Properties of a plane wave
The simplest solution to a wave equation is the plane wave $\Psi(x,t) = \exp(i\mathbf{k}\cdot\mathbf{x}-i\omega t)$. The time-derivative of this is:
$$\frac{\partial\Psi}{\partial t} = -i\omega\Psi$$
Insert the de Broglie relation $E = \hbar \omega$, and solve for $E$:
$$E = i\hbar\frac{\partial}{\partial t}$$
Then try differentiating the plane wave $\Psi$ with respect to position $\mathbf{x}$:
$$\nabla \Psi = i\mathbf{k}\Psi$$
Now insert the de Broglie relation $\mathbf{p} = \hbar\mathbf{k}$ and solve for $\mathbf{p}$:
$$\mathbf{p} = -i\hbar\nabla$$
We now have two equations $E = i\hbar\partial_t$ and $\mathbf{p} = -i\hbar\nabla$ relating spacetime derivatives of a wave function to physical observables.

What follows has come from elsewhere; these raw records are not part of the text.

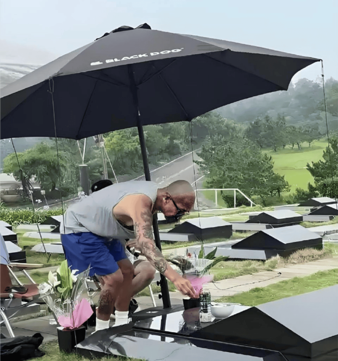 节目组提前蹲点,就等具俊晔来墓园“表演”。当天台北下着瓢泼大雨,编导心里暗喜:“这天气,具俊晔肯定鸽了!”结果人家顶着暴雨,拎着鲜花供品就来了,浑身湿透也不撑伞,仿佛在说:“看,我多痴情!”到了墓前,具俊晔直接行了个韩国最高规格的跪拜礼——双手匍匐、双膝跪地,额头贴着墓碑,肩膀一抖一抖的,嘴里还念叨着:“熙媛躺着更辛苦……”这画面,韩国主持人当场泪崩,演播室嘉宾集体红眼眶,连网友都忍不住吐槽:“这哪是守墓,这是拍《来自星星的你》番外篇吧?”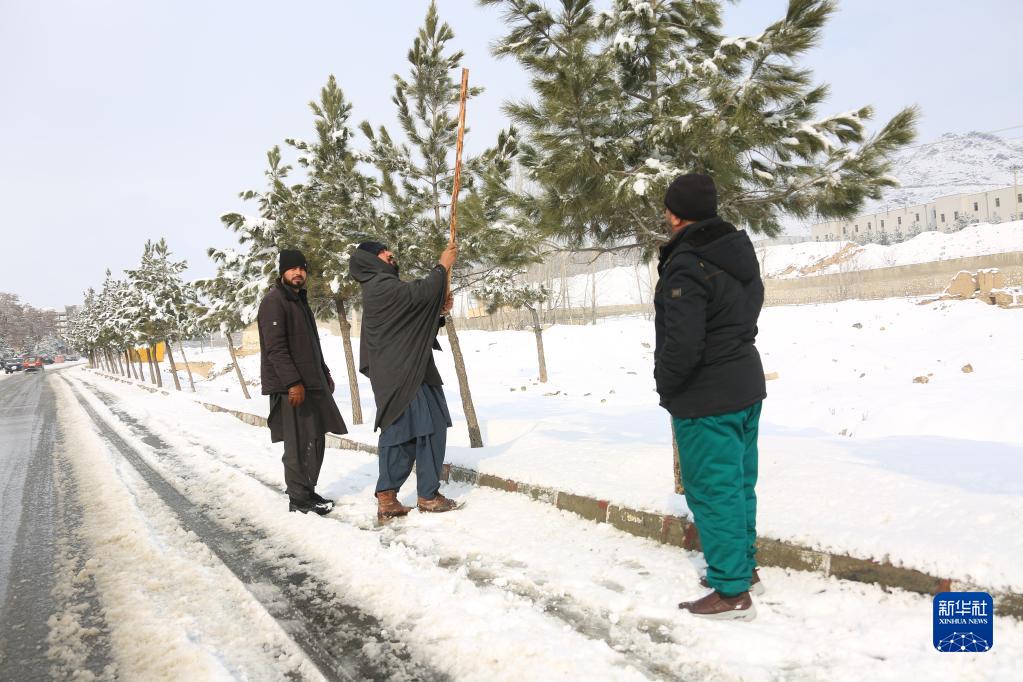 1月23日,人们在阿富汗首都喀布尔街头清理积雪。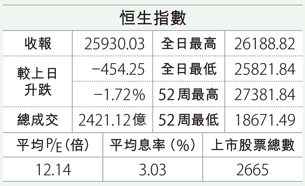 受美股大跌拖累,港股昨日插水,收報25930點,勁跌454點,10天、20天、50天線相繼失守,下兩個支持是1 ...全文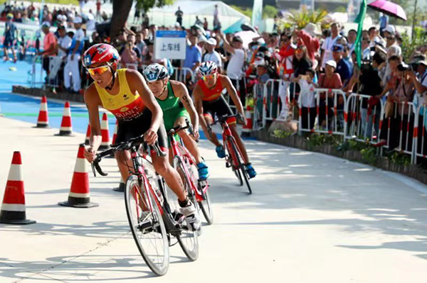 自行车赛道两旁鲜花盛开,景色宜人,美中不足的是大雨过后路面仍有些湿滑,白起利未能保持游泳赛段的领先优势,而来自香港特别行政区的伍泰龙在自行车赛段表现了强劲的实力,最终将领先优势保持到,,获得体校组甲组半程的,,也是本次二青会铁人三项首金,张弛、王铭宇分列二三名。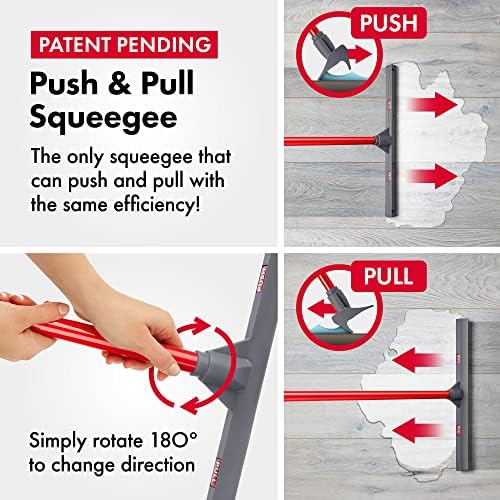 - PUSH & PULL ACTION: With a simple twist of the handle, this patent-pending push-and-pull floor squeegee provides exceptional cleaning performance in multiple directions. Simply rotate the handle 180 degrees to effortlessly push or remove spills using this versatile squeegee for floor.

Schroedinger equation (energy)
Remember that the Schroedinger equation connects the time-derivative of a wave function to it's energy. Just right-multiply our equation for $E$ above with a wave function $\Psi$, and we get the Schroedinger equation:$^\dagger$
$$E\Psi = i\hbar \frac{\partial\Psi}{\partial t}$$
To get the familiar form of the equation for a single particle in a potential $V(\mathbf{x})$, just remember that classically we have $E = \mathbf{p}^2/2m + V(\mathbf{x})$, use $\mathbf{p} = -i\hbar\nabla$ from above, and insert it into the Schroedinger equation:
$$\left[-\frac{\hbar^2}{2m}\nabla^2 + V(\mathbf{x})\right]\Psi = i\hbar \frac{\partial\Psi}{\partial t}$$
Helmholtz equation (momentum)
The Helmholtz equation relates the momentum of a wave to its spatial derivative. To obtain it, just square the relation $\mathbf{p} = -i\hbar\nabla$, and right-multiply the result by a wave $\Psi$:
$$\mathbf{p}^2\Psi = -\hbar^2\nabla^2\Psi$$
To obtain the conventional form, divide the equation by $\hbar^2$, and use the de Broglie relation $\mathbf{p} = \hbar\mathbf{k}$:
$$\left[\nabla^2 + \mathbf{k}^2\right]\Psi = 0$$
Wave equation (energy-momentum)
The energy and momentum of a free massless particle is related by $E^2 = \mathbf{p}^2c^2$. Insert $E = i\hbar\partial_t$ and $\mathbf{p} = -i\hbar\nabla$, and we get:
$$-\hbar^2 \frac{\partial^2}{\partial t^2} = -c^2\hbar^2\nabla^2$$
Divide this by $\hbar^2c^2$ and right-multiply by a wave function, and you've got the wave equation:
$$\nabla^2\Psi = \frac{1}{c^2}\frac{\partial^2\Psi}{\partial t^2}$$
Using the relativistic notation $\partial^2 = \partial_t^2/c^2-\nabla^2$, we may write the equation more compactly as:
$$\partial^2\Psi = 0$$
Klein-Gordon equation (energy-momentum)
To get a wave equation for a free massive particle, we just start from the relativistic expression $E^2 = (\mathbf{p}c)^2 + (mc^2)^2$, and insert the relations $\mathbf{p} = -i\hbar\nabla$ and $E = i\hbar\partial_t$ that we got above:
$$-\hbar^2\frac{\partial^2}{\partial t^2} = -\hbar^2c^2\nabla^2 + m^2c^4$$
Then you right-multiply this by a wave $\Psi$, and you've got your equation of motion. To get the conventional form, insert $\partial^2 = \partial_t^2/c^2 - \nabla^2$ and rewrite it:
$$\partial^2\Psi = -\left(\frac{mc}{\hbar}\right)^2\Psi$$
Where does it all come from?
Although the heuristic derivations above consider only the special case of a plane wave, the relations $E \sim \partial/\partial t$ and $\mathbf{p} \sim \nabla$ have quite deep origins. Technically, we say that the Hamiltonian is the generator of time translations, and momentum is the generator of space translations. If you have studied classical mechanics, this is related to Noether's theorem, which connects the time-translation invariance of a theory to conservation of energy, and space-translation invariance to conservation of momentum. (Another important quantity is the angular momentum, the generator of rotations, which is related to rotational invariance of the theory.)
$^\dagger$ We usually refer to the operator as $H$ and the eigenvalues as $E$ in quantum mechanics, so just rename $E$ to $H$ to get the standard form of the Schroedinger equation.